My fondness for doorstops is now inversely proportional to my immersion in pop culture.

I remember the exact moment I realized that I no longer understood the audience. A good memory is one of the by-products of reading — neurons stretch to accommodate the many characters in Dickens, the begats in the Old Testament, etc. (Digression is a by-product of reading doorstops — taking detours before getting to the point.) Seven years ago, a friend invited me to give a talk to the new hires at her office. While reminding the audience not to discuss office matters in their Facebook accounts, I noted, as an aside, the ridiculousness of tweeting, “I’m having a Coke at 7-11!” Who cares, I asked, foolishly. Life is boring enough without transmitting its most trivial details to the general public. There are better uses for technology. Someone raised their hand. “What’s wrong with tweeting my snack? We like sharing these little details.” The audience agreed.

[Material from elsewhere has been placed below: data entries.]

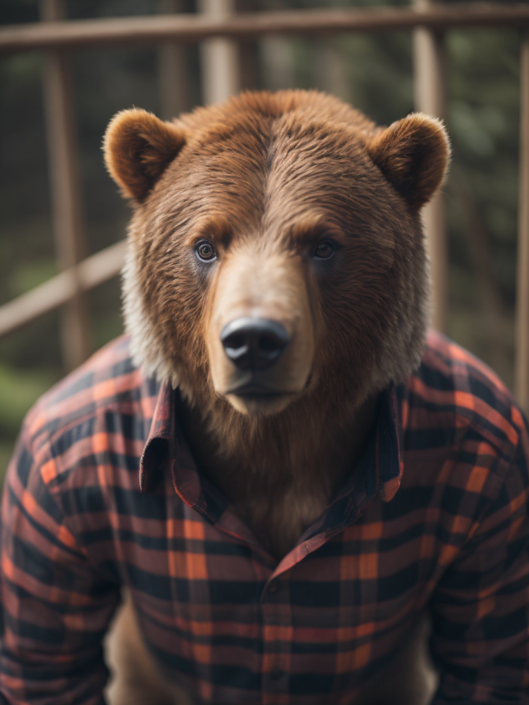 lumberjack bear in a shirt with a red and black cage
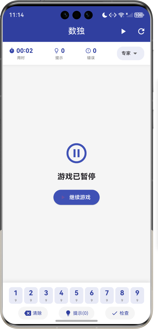 数独是一款经典的逻辑推理游戏,考验玩家的逻辑思维和耐心。游戏采用清新的靛蓝色主题设计,界面简洁优雅。玩家需要在9×9的网格中填入1-9的数字,使得每行、每列、每个3×3宫格内的数字都不重复。
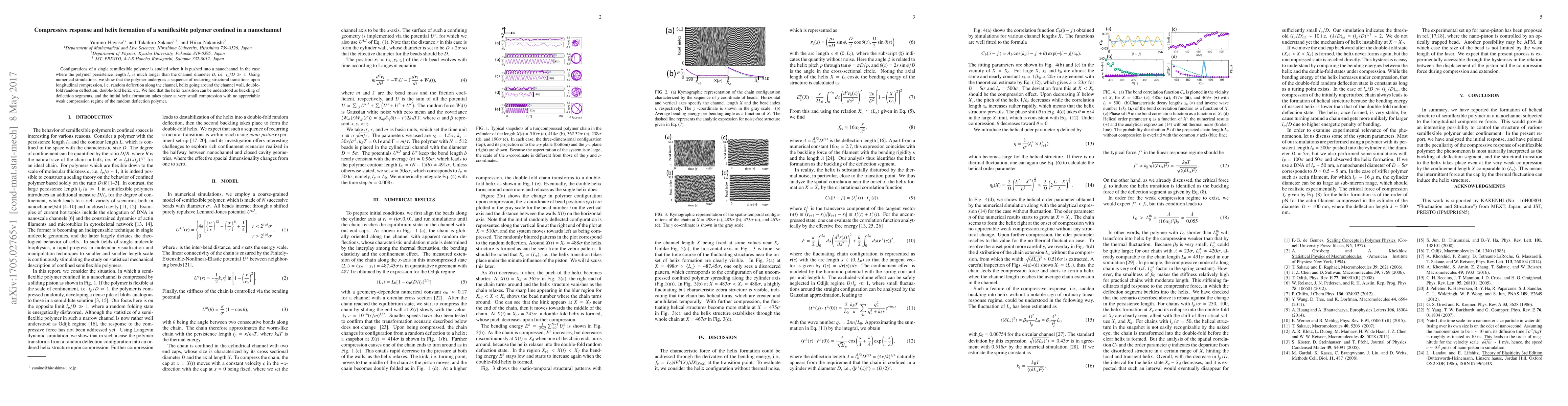 This research investigates the structural transitions of a semiflexible polymer confined in a nanochannel, demonstrating that it undergoes a series of recurring configurations including helical formations due to buckling under compression, with helix formation initiating at minimal compression.
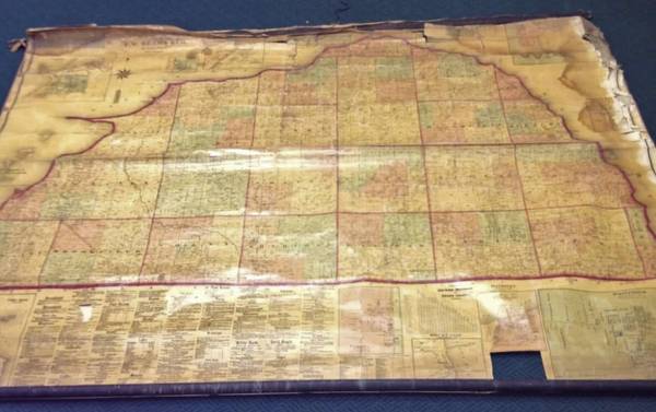 Vintage 1875 Huron County Canvas Map in Good Condition for $400 plus any delivery charge. The HUGE Canvas Map measures 63" wide x 43" high.
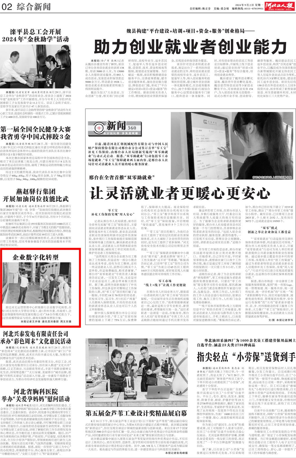 2.《河北工人报》:企业数字化转型。http://www.hbgrb.net/epaper/index.html?guid=1830401707465506819

It was like being hit over the head with the dictum that the medium is the message. My newfound irrelevance was mixed with the consolation of knowing that I would no longer be called upon to explain the mind-set of the youth. (It’s not as if I ever comprehended it.) I had officially joined the old people who read fat books with five-syllable words on, like, paper — novels that do not involve angst-ridden vampires, wizard schools, dystopian contests, or teens afflicted with cancer. Pass me the latest translation of Dostoevsky by Pevear and Volokhonsky. (Why do I get excited about new translations when I know zero Russian and cannot judge their accuracy? I don’t know.)